I often use tarragon mustard in my vinaigrette.  I love that tarragon flavor.


----------



## letscook (Apr 14, 2009)

Talking early about taragon vineagar made me think of a recipe that I have made in while, so I got it out to make tonight for dinner so here is it. I know it doesn't belong in this section but with the vinegar talk thought i post it here.

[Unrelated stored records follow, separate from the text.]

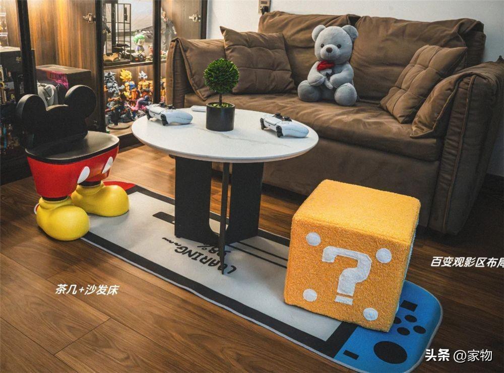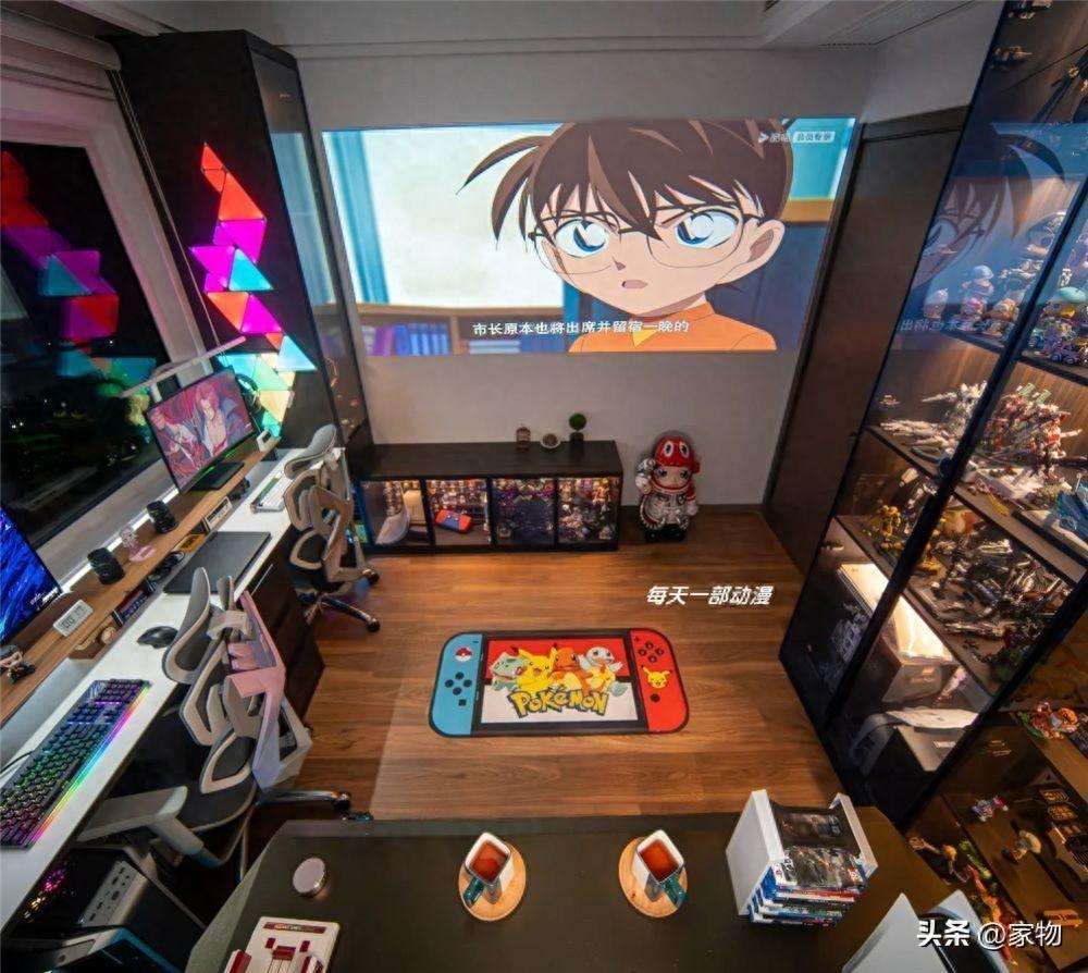 旁邊的展示櫃,則雷打不動地展示着夫妻兩人喜歡的各種手辦和模型擺件,在燈光效果的映襯下,整個空間都變得舒適愜意又很炫酷,讓人羨慕得很呢~
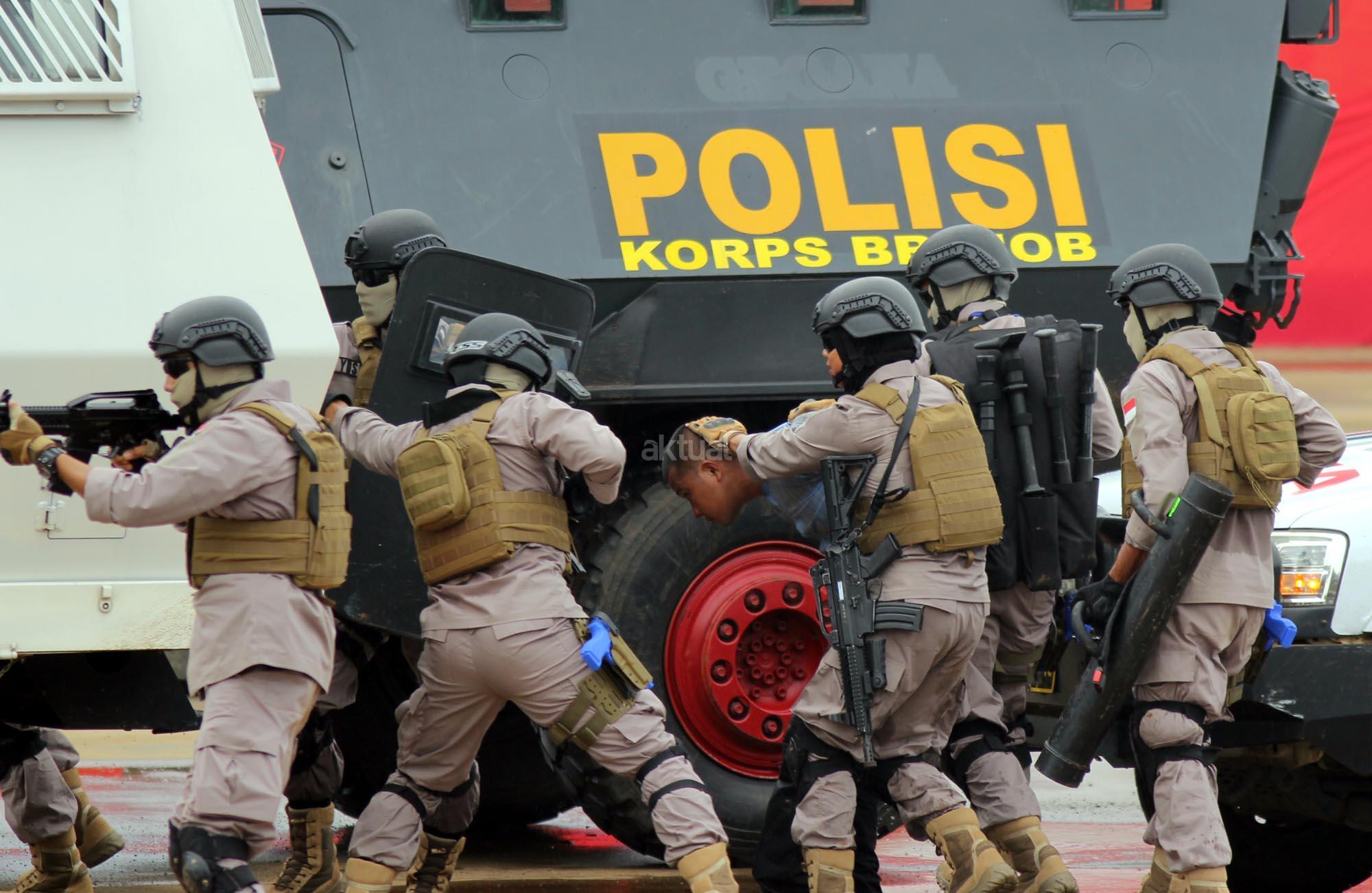 Personel Polri dari berbagai kesatuan usai melakukan simulasi penanganan teror dan unjuk rasa di Gedung Multi Fungsi Polri, Cikeas, Bogor, Senin (23/4/18). AKTUAL/Tino Oktaviano
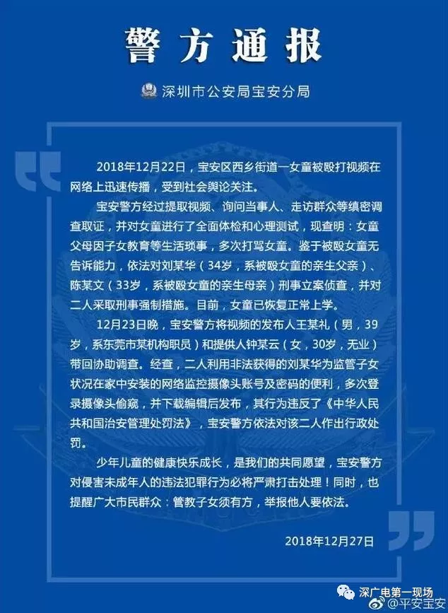 深圳警方通報(bào)“父母虐童”案處理結(jié)果:
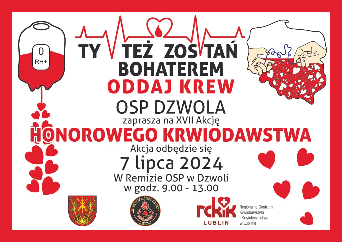 Szanowni Państwo, przypominamy, że już po raz siedemnasty Ochotnicza Straż Pożarna w Dzwoli organizuje akcję honorowego oddawania krwi.
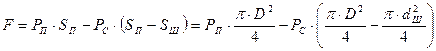 Это давление равно разности давлений на входе в дроссель и в левой полости цилиндра. Р=РН –РП – откуда давление, действующее на поршень РП=РН -Р РП=Па Составим уравнение равновесия сил действующих на поршень слева и справа. РП· SП=РС· (SП -SШ)+F Искомая сила F равна
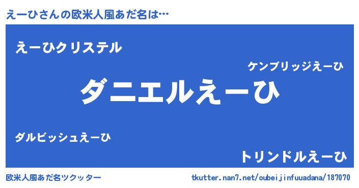 | ヒーロー風カッコイイあだ名 | 『正義の使者えーひ』『最強戦士エーヒ』 |
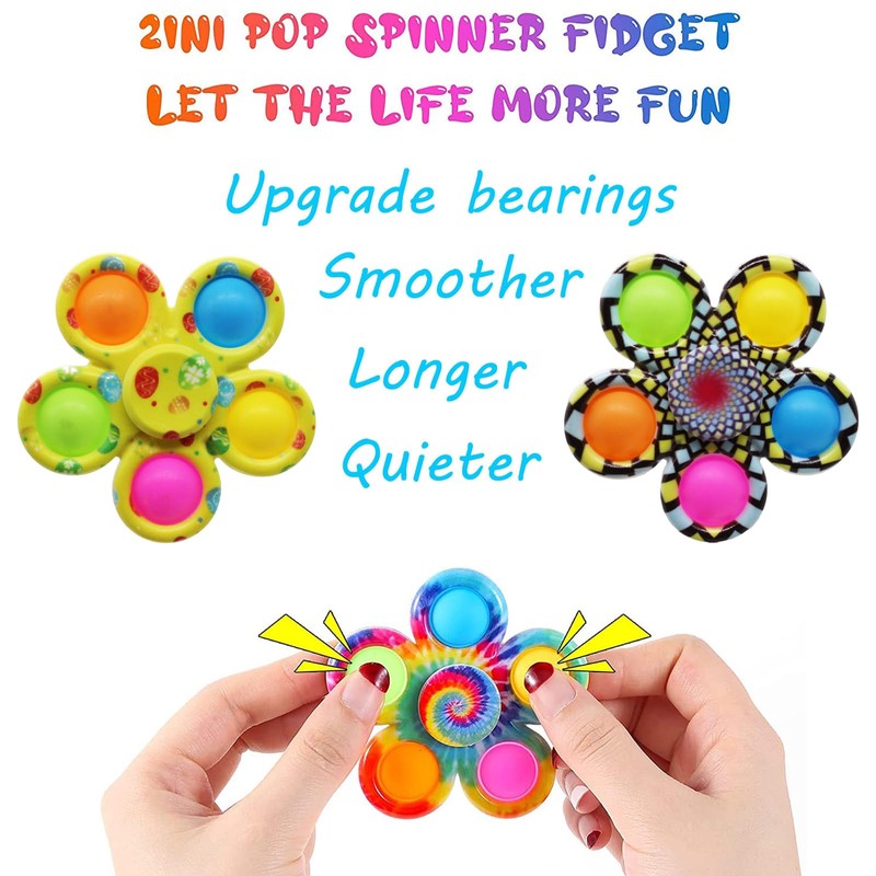 - 【Two Ways to Play】①These simple popper fidget spinners are super easy to play, Press the around dimple bubbles they make a slight sound,endlessly repeat, find the fun. ②It can also spin fast and smoothly, You can hold with one finger either side of the centre and then with your other hand turn. also can be used with one hand if you are skilled.
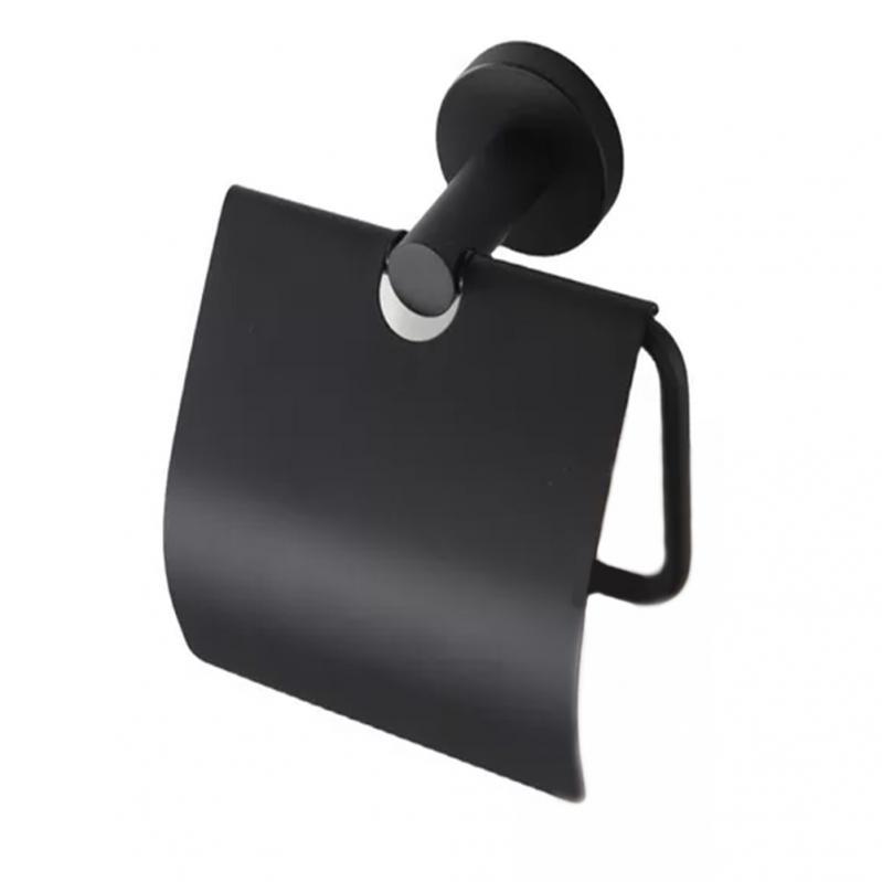 ACESSORIO WC HIDROLAR FAETTO PAPELEIRA COM TAMPA PRETO FOSCO - 10046

I will also post it in the meat section. so I cover both area. this is really good and hope you Enjoy..

Kielbasa and Pasta
12 oz pc kielbasa 
1/2 cup water
1 1/2 cups macroni shells
6 slices of bacon cut up into small to medium peices
1 cup sliced fresh mushrooms
3 tbl sugar
2 tbl flour
1/2 tsp salt
1/8 tsp pepper
3/4 cup water
1/4 cup Taragon Vineagar
2 tbl parsley

In skillet simmer sausage with 1/2 cup water for 20 min
Cook macaroni and drain.
Drain slice kielbasa and set aside.
In a large skillet cook bacon till almost done - add mushroom cook 2min more
Stir in sugar, flour S & P 
Add 3/4 cup water and the vinegar
cook and sir until thicken and bubbly.
Add kielbasa, macaroni, bacon & mushrooms.
Mix well and heat throughly
top with parsley


----------